L’amministratore di condominio in prorogatio ha diritto al compenso? Chiedo cortesemente di voler rispondere con richiami alla giurisprudenza.

Secondo l’art. 1129, ottavo comma, del codice civile, «alla cessazione dell’incarico l’amministratore è tenuto alla consegna di tutta la documentazione in suo possesso afferente al condominio e ai singoli condomini e ad eseguire le attività urgenti al fine di evitare pregiudizi agli interessi comuni senza diritto ad ulteriori compensi».

L’ipotesi contemplata dalla legge riguarda il caso in cui la prorogatio si estenda per il fisiologico periodo di tempo necessario al passaggio di consegne. In altre parole, l’amministratore in regime di prorogatio non ha diritto al compenso, ma solo al rimborso delle spese quando, al termine del mandato, sia stato già nominato un nuovo amministratore e si sia dunque in attesa che questi assuma effettivamente l’incarico.

Dunque, la prorogatio è gratuita se l’assemblea ha già designato un successore; in caso contrario, cioè nel caso di vera e propria vacanza del ruolo, la prorogatio dell’amministratore sarà onerosa, nel senso che verrà prorogato anche il suo diritto al compenso.

È ciò che succede, ad esempio, quando si giunge alla scadenza annuale del mandato ma l’assemblea non delibera nulla a riguardo del rinnovo e dell’affidamento dell’incarico a nuovo amministratore (fermo restando che, come ricorda il decimo comma dell’art. 1129 cod. civ., l’incarico di amministratore ha durata di un anno e si intende rinnovato per eguale durata), oppure quando l’assemblea procede alla revoca senza designare il nuovo incaricato.

Tanto è confermato anche dalla giurisprudenza di merito (Trib. Brescia, 15 aprile 2016), secondo cui, in tema di durata dell’incarico dell’amministratore, l’art. 1129, decimo comma, c.c. va interpretato nel senso che dopo il primo incarico annuale segua ex lege (in assenza di revoca o dimissioni) un solo rinnovo tacito di un anno con pienezza di poteri e, per il periodo successivo, la limitazione dei poteri dell’amministratore (cessato ma in regime di prorogatio imperii) al compimento delle sole attività urgenti, al fine di evitare pregiudizi alle cose comuni.

La prorogatio onerosa può essere scongiurata quando l’assemblea si esprima nel senso di sostituire immediatamente un amministratore con un altro, indicando quindi il nominativo del nuovo rappresentante del condominio e il termine entro cui dovrà avvenire il passaggio di consegne.

Tanto ha stabilito anche la Corte di Cassazione (Corte di Cassazione, ordinanza n. 12120, pubblicata in data 17 Maggio 2018), secondo cui «la perpetuatio di poteri in capo all’amministratore uscente, dopo la cessazione della carica per scadenza del termine di cui all’art. 1129 c.c. o per dimissioni, fondandosi su una presunzione di conformità di una siffatta perpetuatio all’interesse ed alla volontà dei condomini, non trova applicazione quando risulti, viceversa, (come nel caso in esame) una volontà di questi ultimi, espressa con delibera dell’assemblea condominiale, contraria alla conservazione dei poteri di gestione da parte dell’amministratore cessato dall’incarico».

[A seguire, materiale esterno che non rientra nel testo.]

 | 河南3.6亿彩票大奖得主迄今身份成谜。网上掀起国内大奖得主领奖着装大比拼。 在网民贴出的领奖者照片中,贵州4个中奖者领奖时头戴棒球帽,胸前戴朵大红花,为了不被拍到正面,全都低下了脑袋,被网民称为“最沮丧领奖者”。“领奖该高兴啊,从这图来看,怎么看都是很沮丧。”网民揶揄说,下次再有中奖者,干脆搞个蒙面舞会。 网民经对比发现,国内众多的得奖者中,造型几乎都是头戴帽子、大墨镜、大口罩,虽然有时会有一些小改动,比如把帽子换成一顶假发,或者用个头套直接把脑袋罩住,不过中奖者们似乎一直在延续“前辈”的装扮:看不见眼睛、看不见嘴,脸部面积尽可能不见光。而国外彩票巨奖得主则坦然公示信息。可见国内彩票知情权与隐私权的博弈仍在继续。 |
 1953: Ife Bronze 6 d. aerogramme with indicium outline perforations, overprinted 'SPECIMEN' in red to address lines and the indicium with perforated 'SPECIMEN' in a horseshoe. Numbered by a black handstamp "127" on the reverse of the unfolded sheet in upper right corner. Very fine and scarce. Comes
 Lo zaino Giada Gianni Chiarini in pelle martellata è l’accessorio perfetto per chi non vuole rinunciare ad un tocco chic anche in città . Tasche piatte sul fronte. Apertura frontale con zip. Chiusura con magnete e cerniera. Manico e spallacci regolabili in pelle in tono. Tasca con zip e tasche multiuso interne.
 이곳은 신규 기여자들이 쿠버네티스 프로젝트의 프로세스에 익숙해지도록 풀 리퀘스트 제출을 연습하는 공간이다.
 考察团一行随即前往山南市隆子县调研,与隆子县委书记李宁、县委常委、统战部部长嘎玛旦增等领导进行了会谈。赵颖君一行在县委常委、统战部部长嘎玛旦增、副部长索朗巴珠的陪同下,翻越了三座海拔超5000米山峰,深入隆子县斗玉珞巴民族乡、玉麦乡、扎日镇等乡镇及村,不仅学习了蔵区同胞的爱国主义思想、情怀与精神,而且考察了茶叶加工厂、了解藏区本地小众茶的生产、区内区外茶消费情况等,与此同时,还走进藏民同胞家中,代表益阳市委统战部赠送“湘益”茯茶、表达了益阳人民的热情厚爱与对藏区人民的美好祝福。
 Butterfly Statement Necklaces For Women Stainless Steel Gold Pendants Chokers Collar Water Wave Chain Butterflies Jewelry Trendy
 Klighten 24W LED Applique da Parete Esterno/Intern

Dunque, il regime di prorogatio si presume fino a prova contraria, o meglio fino a manifestazione contraria dell’assemblea. Una tale volontà contraria, secondo la Suprema Corte, deve emergere dal verbale assembleare, laddove ad esempio viene deliberata la nomina di un nuovo amministratore (magari all’unanimità), delibera che può comunque autorizzare l’amministratore uscente a prelevare, dal conto corrente condominiale, la somma a saldo delle proprie competenze.

Che poi lo stesso, sia tenuto a compiere tutte quelle attività necessarie fino al passaggio di consegne è nell’ordine delle cose, in considerazione del fatto che appare normale che l’amministratore uscente predisponga tutto il necessario per favorire il subingresso del nuovo amministratore.

Dal succitato art. 1129 cod. civ. si evince come, contrariamente a quanto accadeva precedentemente alla riforma del 2012, non può più ritenersi che l’amministratore cessato dalla carica possa continuare, in prorogatio, nella gestione ordinaria dell’immobile, dovendo limitare la propria attività a quella strettamente necessaria ad evitare pregiudizi allo stesso e, conseguentemente, a porre in essere solo quelle attività indispensabili e urgenti atte a salvaguardare i beni comuni e il diritto alla salute di condòmini e terzi.

In altre termini, i compiti dell’amministratore cessato dalla carica e, pertanto, in regime di prorogatio, debbono ora limitarsi a quelli che appaiono indifferibili, e tanto allo scopo di evitare il possibile, anche se non certo, nocumento.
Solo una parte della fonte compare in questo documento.